Sembra che a un
certo punto del “curricolo verticale” venga meno l’equilibrio fra le “cose” che
si sanno (o si pensa di sapere) e il controllo delle “parole” per … dirle; non
solo a scuola, del resto, molti presumono di conoscere un’infinità di cose sulle quali
sono con difficoltà in grado di formulare e di esprimere un pensiero dotato di
coerenza tematica, formale e pragmatica.
Quel graduale
equilibrio fra acquisizione progressiva di conoscenze e crescita della competenza
linguistica va costruito con quotidiana fatica; e lo si può fare solo a scuola.
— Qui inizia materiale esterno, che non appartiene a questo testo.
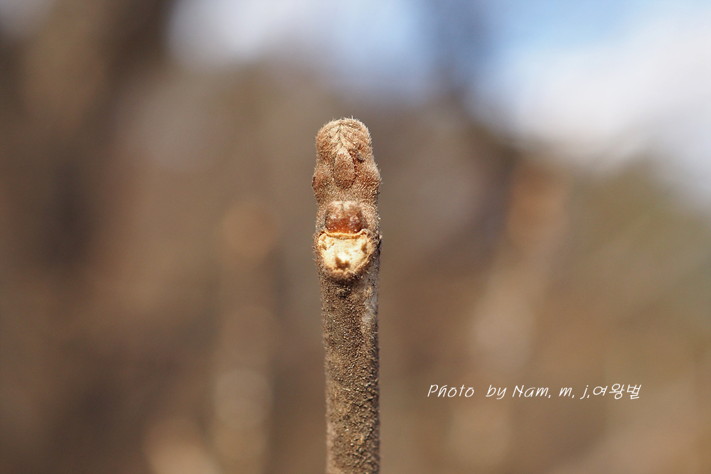 쉬나무 잔가지에는 부드러운 털이 많고 동아는 인편 없이 나출되어 있다.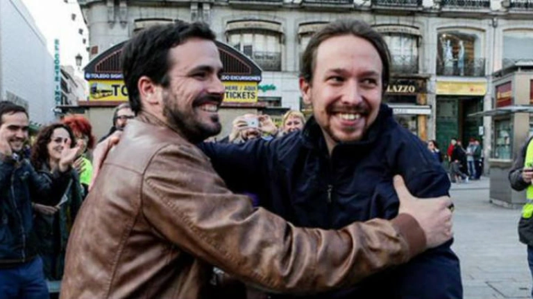Fotografía colgada por Izquierda Unida (IU) en la red social Twitter de los líderes de Podemos, Pablo Iglesias (d), y de IU, Alberto Garzón (i), dándose un abrazo en la Puerta del Sol. EFE

Detto in altri termini, uno degli aspetti didattici “trasversali” di maggior
problematicità e urgenza resta l’uso della lingua e dei linguaggi per cercare,
acquisire, sistemare, memorizzare e riusare conoscenze.
E’ un problema che
coinvolge in modo integrato (e non solo complementare) i processi di
insegnamento/apprendimento in “lingua” e nelle diverse discipline. Infatti, non
basta affiancare progressivamente nuovo sapere a nuove potenzialità
linguistiche: è necessario rinforzarne reciprocamente e contestualmente
l’acquisizione, rinunciando a partire sempre dal sapere già codificato nei
testi (di altri) per scoprire il (piacere del) sapere nel suo farsi (cognitivo,
conoscitivo e linguistico). A questo fine
però, le metodologie didattiche disciplinari e i relativi “contesti”
devono consentire agli allievi (lungo l’intero curricolo verticale) di vivere esperienze
conoscitive mediate dai linguaggi e dotate di senso (soprattutto per loro).
Si possono indicare alcuni ambiti di lavoro, che integrano capacità linguistiche e competenze trasversali e che l’esperienza segnala come i più urgenti da affrontare.
§ L’incremento contestuale del lessico: non è facile trovare tempi e modi opportuni per dedicare la dovuta attenzione ai rapporti fra parole, concetti, significati nei contesti di apprendimento e d’ uso; nelle discipline e nei loro territori di confine, frutto della collaborazione interdisciplinare, così come nei territori di tutti e di nessuno della conversazione quotidiana o della divulgazione mediatica del “sapere” scientifico;
§ L’acquisizione graduale di una sintassi preposizionale idonea a sostenere l’atteggiamento problematico e il pensiero critico: ad alcuni sembra diventato impossibile garantire una sintassi che sia rinnovata e semplificata, ma che sappia egualmente sostenere e alimentare la capacità di porsi domande, di formulare interrogativi e di cercare risposte, di analizzare problemi e verificare soluzioni, ovvero la capacità al contempo linguistica e cognitiva di porsi in atteggiamento problematico, di vivere l’apprendimento come disponibilità a problematizzare, ad accettare e ricercare la complessità e il dubbio, a rifiutare le semplificazioni consolatorie (del pensiero e del linguaggio) e le verità presunte;
§ L’impiego di consapevoli strategie linguistiche finalizzate all’acquisizione, conservazione e riuso delle conoscenze: l’apprendimento della lettura e della scrittura resta ancora eccessivamente confinato nell’ora di italiano; sono sottovalutate e poco frequentate la lettura e la scrittura documentata di testi espositivi, salvo poi stupirsi se all’esame di stato è proprio l’impiego dei materiali testuali (spesso disciplinari) a dare esiti molto poco confortanti…
Ci si potrebbe però chiedere: per affrontare questi problemi è ininfluente il modello culturale, programmatico e organizzativo della scuola? E’ possibile, ad esempio, affrontarli senza lavoro collegiale dei docenti, insegnamento cooperativo e costruttivo, tempi di apprendimento distesi, concezione e organizzazione interdisciplinare del progetto culturale e pedagogico della scuola?
La conquista del sapere (e della lingua), a scuola, non è mai una variabile indipendente.